I have completed my work on Manifold and PCA features. PR related to Manifold was quite easy but PCA needed a bit more care. After completing this I will meer almost 85% of my GSoC targets.
Manifold Visualizer
Building Manifold Visualizer was a very easy task as most of the work was either already done or was covered in my PR related to Projection Visualizer. This visualizer got updated with new funcitonality of 3-dimensional plots. Building a transformer was a tough task which was already done for me, so I did not have much problem. All the work related to the this was done here.

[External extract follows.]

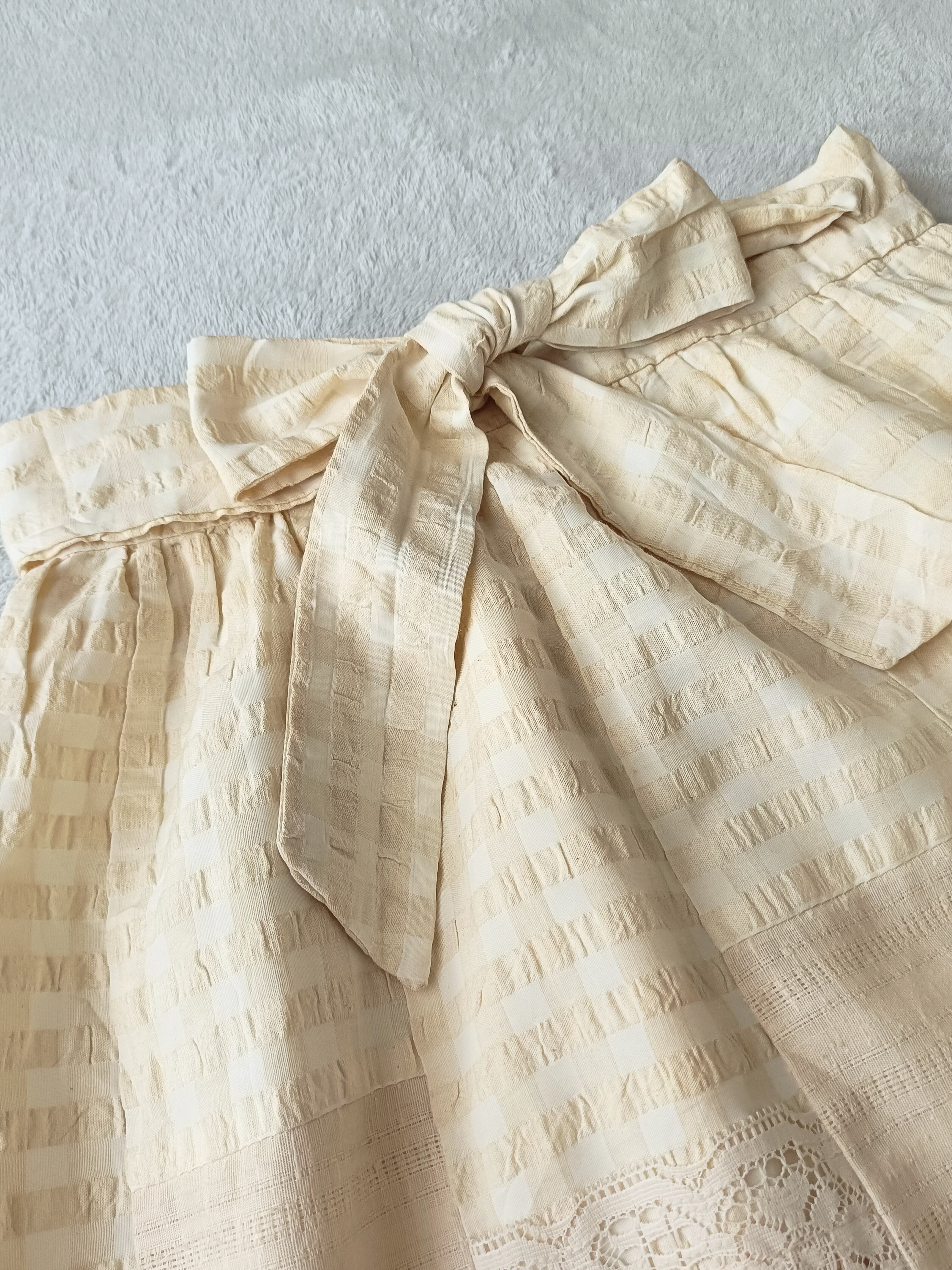 ウエストはリボンで留めるタイプになります。そのためウエストはフリーサイズです。

The main challenges that I faced during this was to build test. Although many of the tests were already built, some of the new tests that I built gave almost a 100 lines error. After exploring this issue a bit and discussing with Dr. Benjamin Bengfort, I came to conclusion that error was due to type of data that was feeded to the visualizer. Just a few tweaks in the random state and the tests were passing. A sample test that I built during this is given below:
def test_manifold_algorithm_transform_fit(self, algorithm):
"""
Test manifold fit with algorithms having transform implemented
"""
X, y = make_s_curve(1000, random_state=94)
with pytest.warns(YellowbrickWarning):
manifold = Manifold(manifold=algorithm, target="auto")
PCA Visualizer
This visualizer need a bit more care to handle, as it had more complex functionality than Manifold. It had biplots
and a newly implemented heatmap and colorbar which shows the importance of each feature in the Principal Components. The basic blueprint related to heatmap was built here. I was a one of the reviewer in this PR along with Dr. Rebecca Bilbro.
In my PR here, I extended the PCA visualizer to get the features of Projection Visualizer. I created a layout using Divider Axes which added new subplots to the existing plots.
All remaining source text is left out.